Dr. David Macpherson of Trinity University and Dr. William Even of Miami University posit in a study that St. Louis stands to lose more than 1,000 jobs after its minimum wage skyrockets 43 percent to $11 an hour next year. Roughly 25,000 workers in the city currently make minimum wage. The academics found women, teenagers, and those with a high school degree or less disproportionately constituting those at greatest risk for suffering (or benefitting) as a result of the law.

“It turns primarily on the fact that those are the workers that are most likely to be earning the minimum wage to begin with,” Dr. William Even told Breitbart News. “To a 30-year-old college graduate, the minimum wage is irrelevant.”

A state law capped the Show Me State’s minimum wage at $7.65 an hour. But St. Louis workers demanded that local government force businesses to “show me the money.” A court challenge enabled the state’s most populous city to mandate a higher hourly rate for workers.

“Some of those workers are going to get a pay raise,” Even explains. “They’re the ones who are better off. Other workers are going to lose their jobs. They’re the ones who are worse off.”

The employees affected, for good and ill, by the law disproportionately work in retail and food services. Automation, passing costs on to consumers, and simply doing more with fewer employees remain options for businesses.

Most states impose a minimum wage on employers above what the feds demand. Dr. Even sees cities increasingly imposing higher minimum wages on their businesses, too.

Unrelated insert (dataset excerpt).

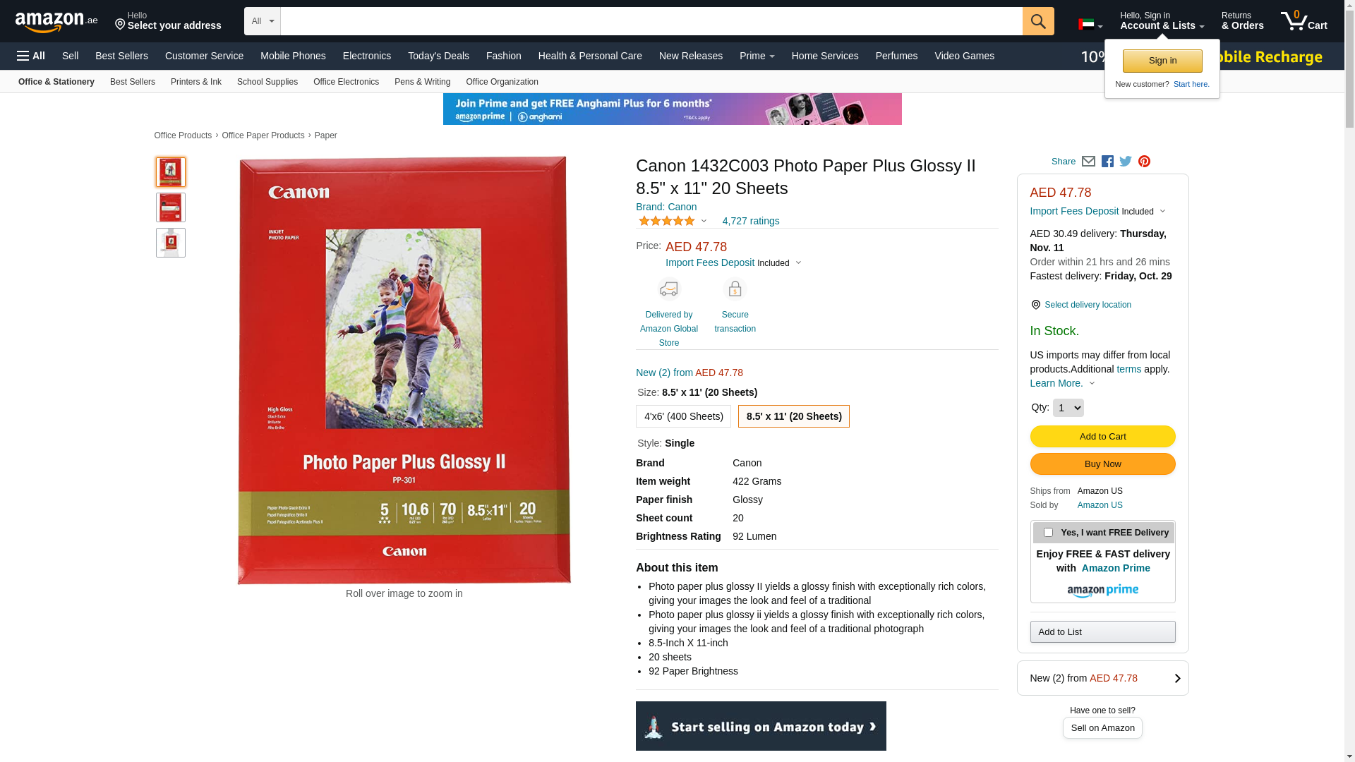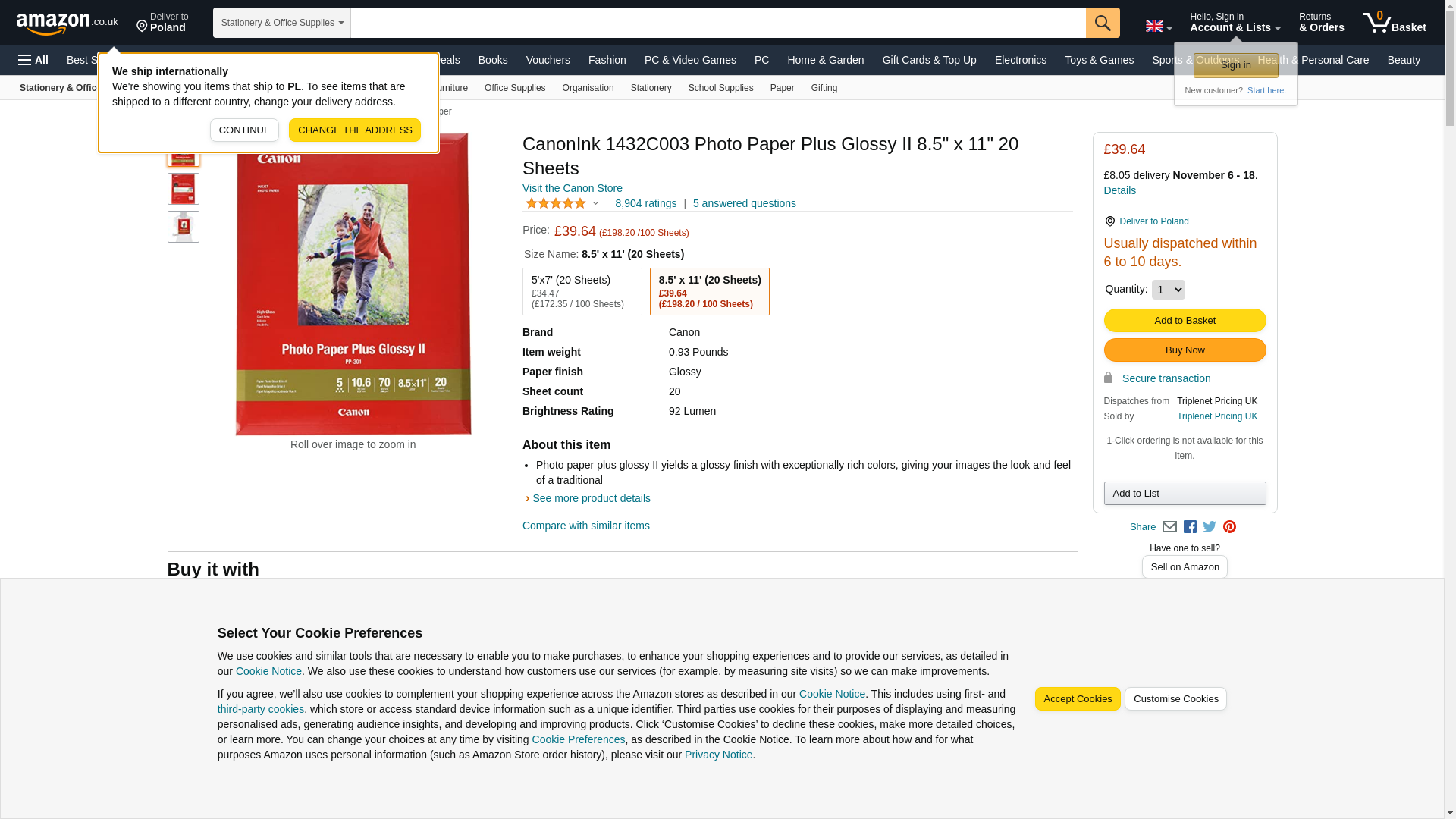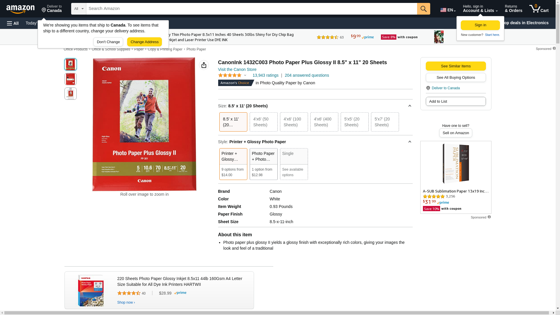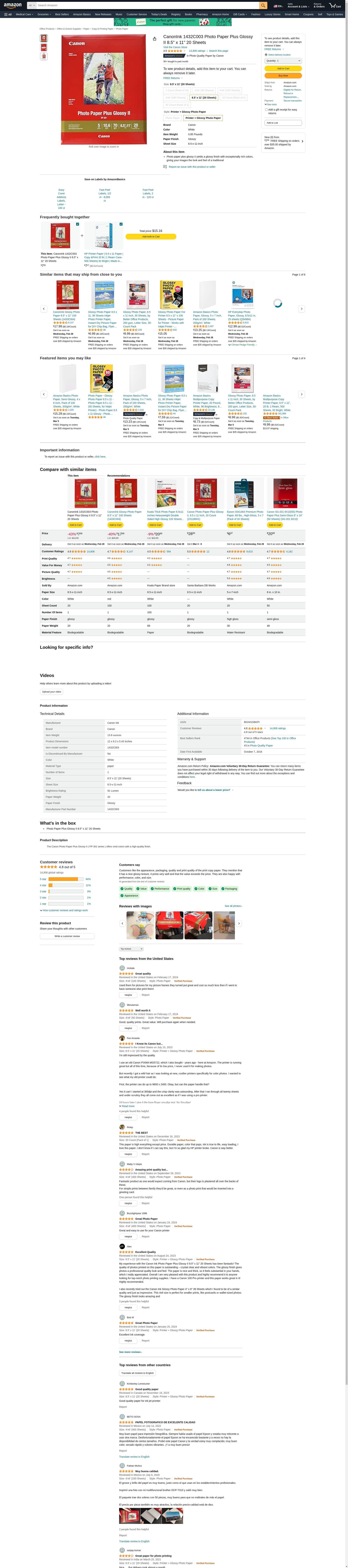 CanonInk 1432C003 Photo Paper Plus Glossy II 8.5" x 11" 20 Sheets

“If we look at the last twenty or so years, we’re seeing a lot more states, as well as local communities, raising the minimum wage above the federal level,” Even tells Breitbart News. “We’re seeing heterogeneity in the minimum wage levels in the states and cities across the country. San Francisco is going to $15. Seattle is going to $15. L.A. has gone up. St. Louis is going up. It’s a long list.”

The federal minimum wage remains at $7.25, the amount mandated by a law passed during the first year of the Barack Obama administration.